[Raw data]:
────────

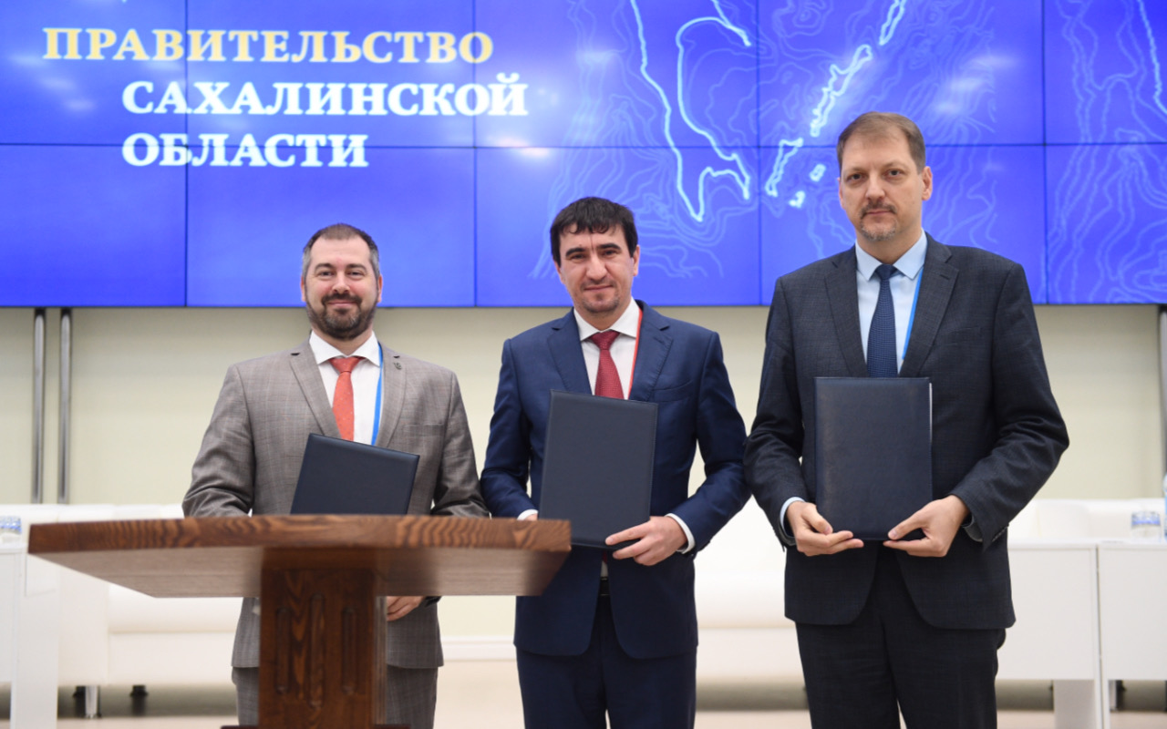 Трехстороннее соглашение подписали министр цифрового и технологического развития Сахалинской области Александр Снегирев, проректор СахГУ Николай Хурчак и заместитель генерального директора РЕД СОФТ Рустам Рустамов.
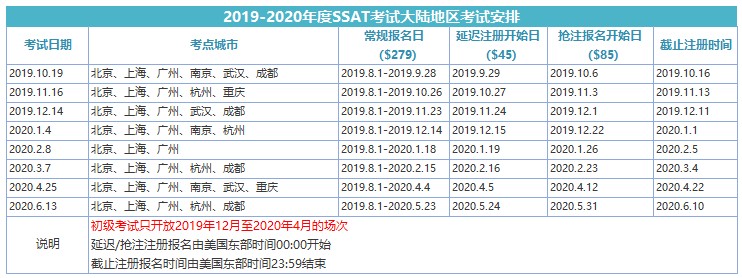 ssat考点及考试时间(2019-2020)
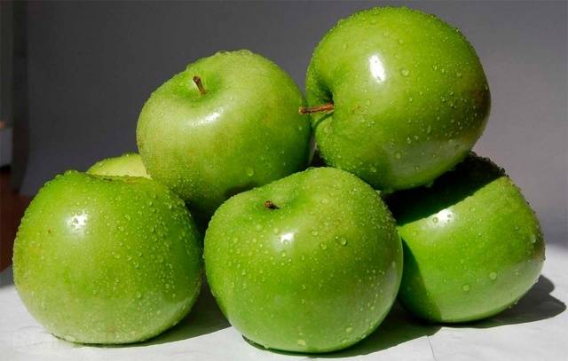 Els fruits madurs són de color verd brillant; pot aparèixer un color rosa clar al costat assolellat. La polpa és de gra fi, sucosa, densa, blanca o lleugerament verdosa. El sabor és agradable, dolç i àcid. Durant l’emmagatzematge, la pell adquireix un to groc i la consistència de la poma es fa més fluixa.
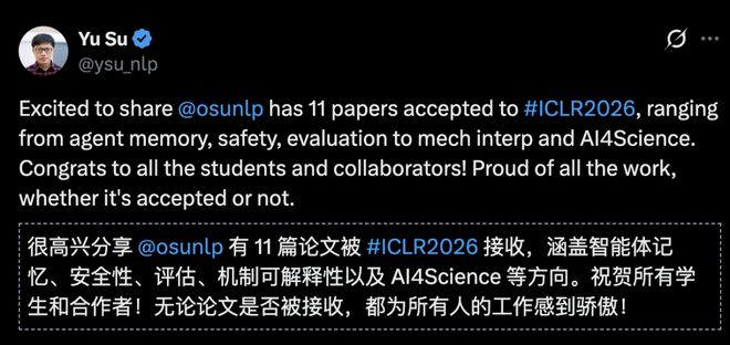 被誉为诺奖风向标之一的斯隆研究奖得主、OSU教授Yu Su实验室中了11篇,激动发帖:「OSU NLP Group中了11篇,涉及智能体记忆、安全、评估、机制解释性以及面向科学的AI等话题。」
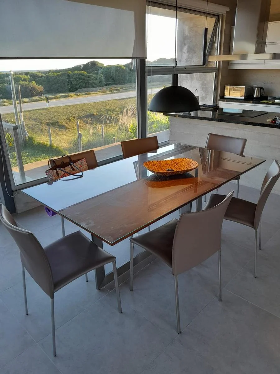 Desde el living hay salida a los deck tanto hacia el mar, y hacia atras, donde se encuentra la parrilla. Desde éste, se accede a la terraza con fogonero para disfrutar de los mejores atardeceres y vistas mas francas hacia la Bahia de José Ignacio y hacia la Laguna de José Ignacio.
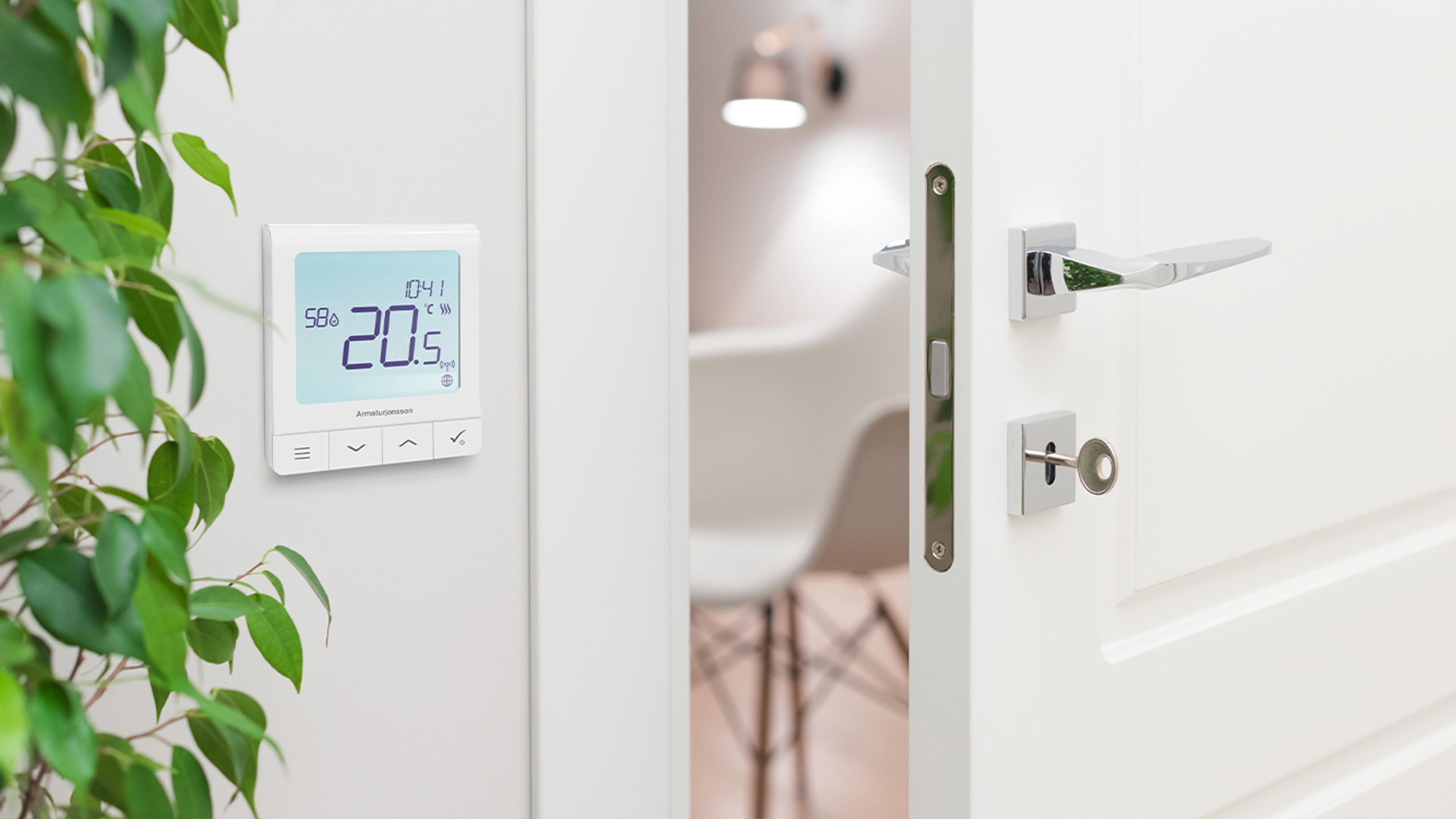 FLEKSIBILITET OG KOMFORT: Oppgrader gulvvarmeanlegget med smart varmestyring | Her ser du «Quantum» trådløs romtermostat fra Armaturjonsson.
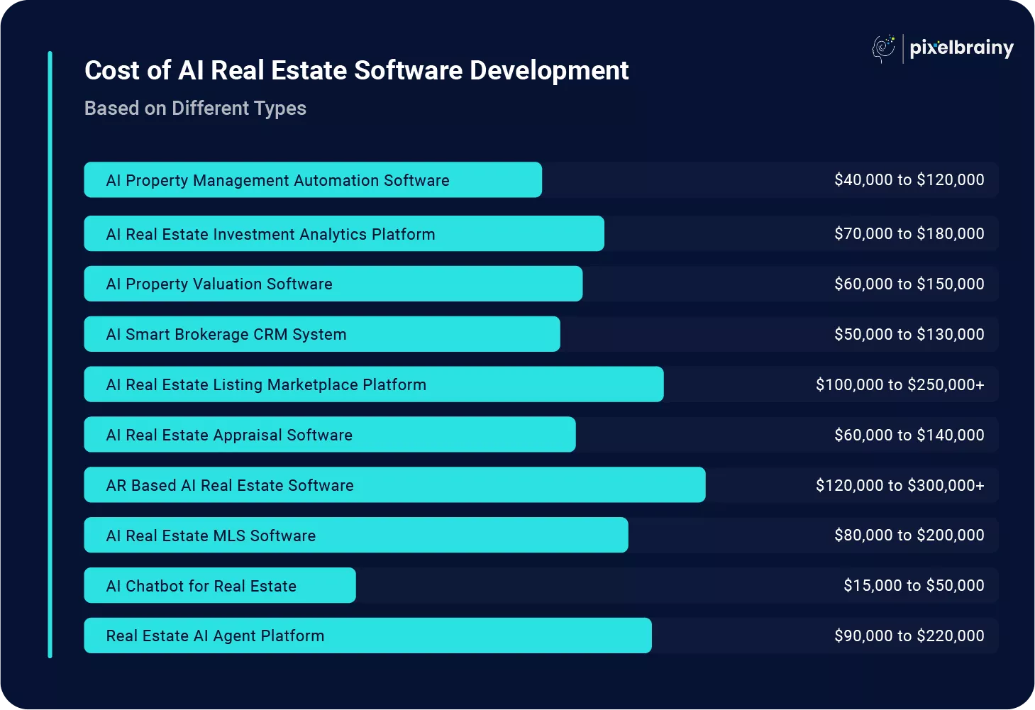 Below is a breakdown of different AI driven real estate software types and their estimated cost ranges in 2026.
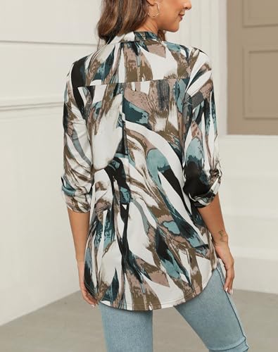 Zattcas Womens Floral Printed Tunic Shirts 3/4 Roll Sleeve Notch Neck Tunic Top 3
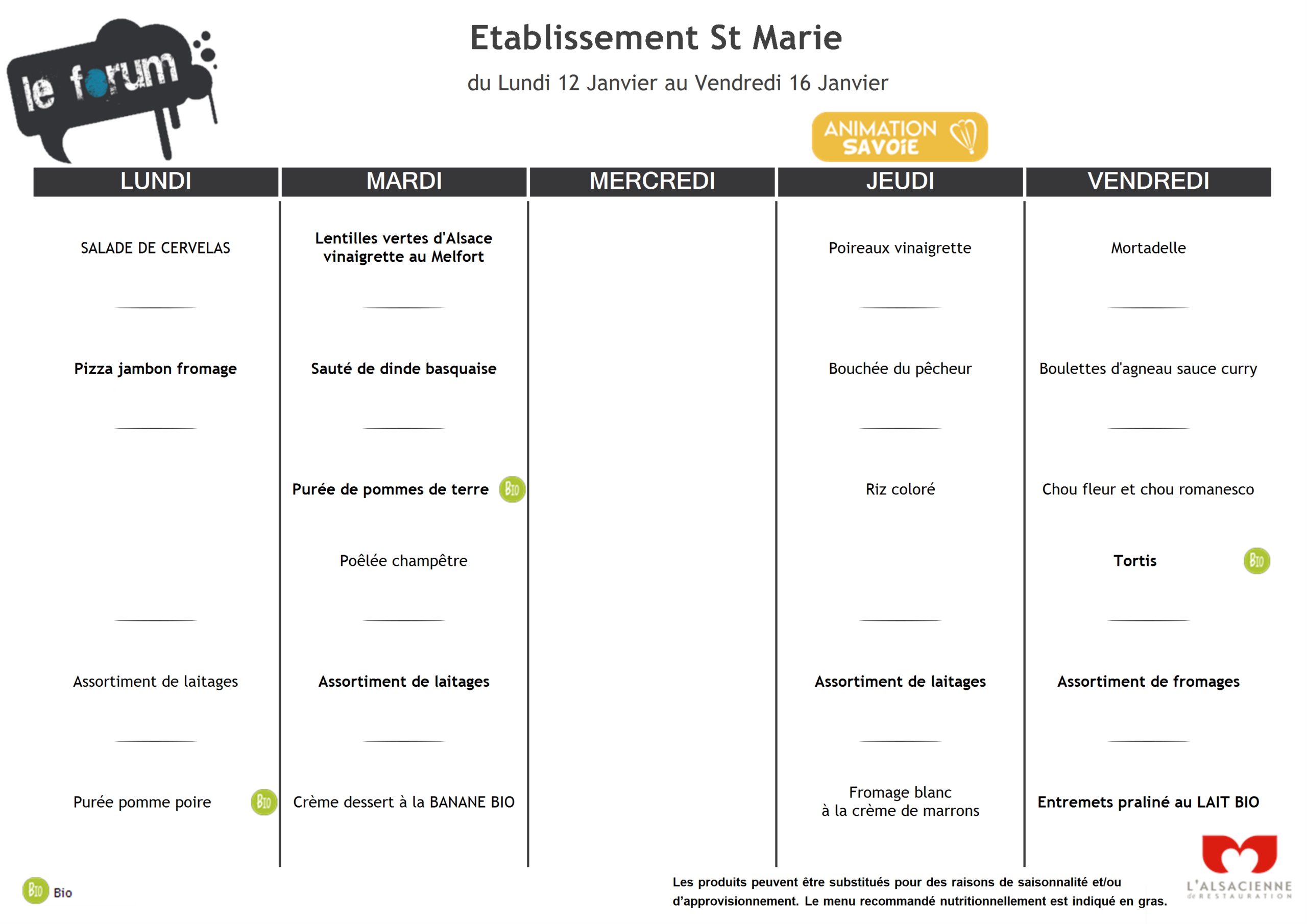 Menus du 12/01 au 16/01

────────

[What you have to do]:
An unchanged copy of the data, images excluded, is all that should be given.

[Expected answer]:
 Трехстороннее соглашение подписали министр цифрового и технологического развития Сахалинской области Александр Снегирев, проректор СахГУ Николай Хурчак и заместитель генерального директора РЕД СОФТ Рустам Рустамов.
 ssat考点及考试时间(2019-2020)
 Els fruits madurs són de color verd brillant; pot aparèixer un color rosa clar al costat assolellat. La polpa és de gra fi, sucosa, densa, blanca o lleugerament verdosa. El sabor és agradable, dolç i àcid. Durant l’emmagatzematge, la pell adquireix un to groc i la consistència de la poma es fa més fluixa.
 被誉为诺奖风向标之一的斯隆研究奖得主、OSU教授Yu Su实验室中了11篇,激动发帖:「OSU NLP Group中了11篇,涉及智能体记忆、安全、评估、机制解释性以及面向科学的AI等话题。」
 Desde el living hay salida a los deck tanto hacia el mar, y hacia atras, donde se encuentra la parrilla. Desde éste, se accede a la terraza con fogonero para disfrutar de los mejores atardeceres y vistas mas francas hacia la Bahia de José Ignacio y hacia la Laguna de José Ignacio.
 FLEKSIBILITET OG KOMFORT: Oppgrader gulvvarmeanlegget med smart varmestyring | Her ser du «Quantum» trådløs romtermostat fra Armaturjonsson.
 Below is a breakdown of different AI driven real estate software types and their estimated cost ranges in 2026.
 Zattcas Womens Floral Printed Tunic Shirts 3/4 Roll Sleeve Notch Neck Tunic Top 3
 Menus du 12/01 au 16/01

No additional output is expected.